Dortmund. Allein gegen alle können die Sozialdemokraten nicht in Dortmund regieren. Ohne Koalitionspartner gibt's keine Mehrheit im Rat. Doch die SPD manövriert sich zusehends in die Isolation.

Dass es der SPD am Montag mit dem Entschluss Ullrich Sieraus, das Amt des Oberbürgermeisters anzutreten, sowie der Forderung an den alten OB, für vollständige Aufklärung zu sorgen, gelungen wäre, den Vertrauensverlust durch die Haushaltslüge wettzumachen, glauben offenbar nur die Genossen selbst. Dass der alte Koalitionspartner, die Grünen, auch der neue wird, ist fraglicher denn je. Zwar tauschen Genossen und Grüne in dieser Woche „Grundsatzpapiere” aus; es gibt aber noch keinen Fahrplan für weitere Koalitionsverhandlungen.

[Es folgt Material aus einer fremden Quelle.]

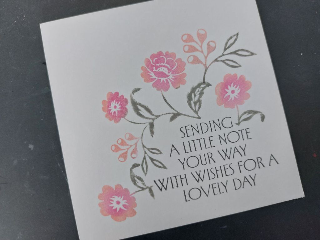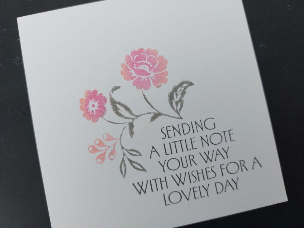 I cut a piece of Clarity’s premium card (also in the sale!) down to 4’5″ square and stamped the sentiment into the corner using ‘watering can’ Archival ink. I used spot-on sponges to add Distress Oxides to the larger floral stamp and added it to the card – ‘hickory smoke’ for the stems & leaves, and ‘saltwater taffy’ & ‘picked raspberry’ for the flowers , blending the ‘picked raspberry’ into the centre after I’d covered the flower with the ‘saltwater taffy’. I used the same process to add the smaller flower a couple of times (masking off part of the stem so it didn’t go over the sentiment), plus the berries image.

Dass Sierau seine Wahl zum OB annahm, halten die Grünen „angesichts der Umstände, unter denen Sieraus Wahl zustande gekommen ist, für „problematisch”. „Wir hätten uns gewünscht, dass ein klarer Schnitt gemacht wird und Ulli Sierau, der nach eigener Aussage an einer Irreführung der Wähler nicht beteiligt war, sich Neuwahlen stellt”, hieß es gestern von Kreisvorstand und Fraktion der Grünen. „Mehr als erstaunlich” findet Fraktions-Chef Mario Krüger, dass die SPD alle Schuld auf die Stadtkämmerin Dr. Uthemann ablädt - und nicht auf OB Langemeyer, „der sich nachweislich den begründeten Vorschlägen seiner Kämmerin nach einem Nachtragshaushalt widersetzt hat.” Die aktuellen Vorgänge würden die Verhandlungen über die Fortsetzung von Rot-Grün im Rat „nicht vereinfachen”.

"System Langemeyer wird fortgesetzt"

„Es wäre ein erlösendes Zeichen gewesen, wenn Herr Sierau im Interesse der Bürger gehandelt und sich für Neuwahlen ausgesprochen hätte”, liegen die Stellungnahmen von Grünen und CDU-Vize Uwe Waßmann nicht weiter auseinander. Sierau werde „nie wirklich OB der Dortmunder sein”. Sein Schritt zeige, dass er allein der SPD verpflichtet sei. „Wir können nicht erkennen, welchen Beitrag Herr Sierau zur Aufklärung des Haushaltsskandals in Dortmund leistet. Das System Langemeyer wird fortgesetzt.”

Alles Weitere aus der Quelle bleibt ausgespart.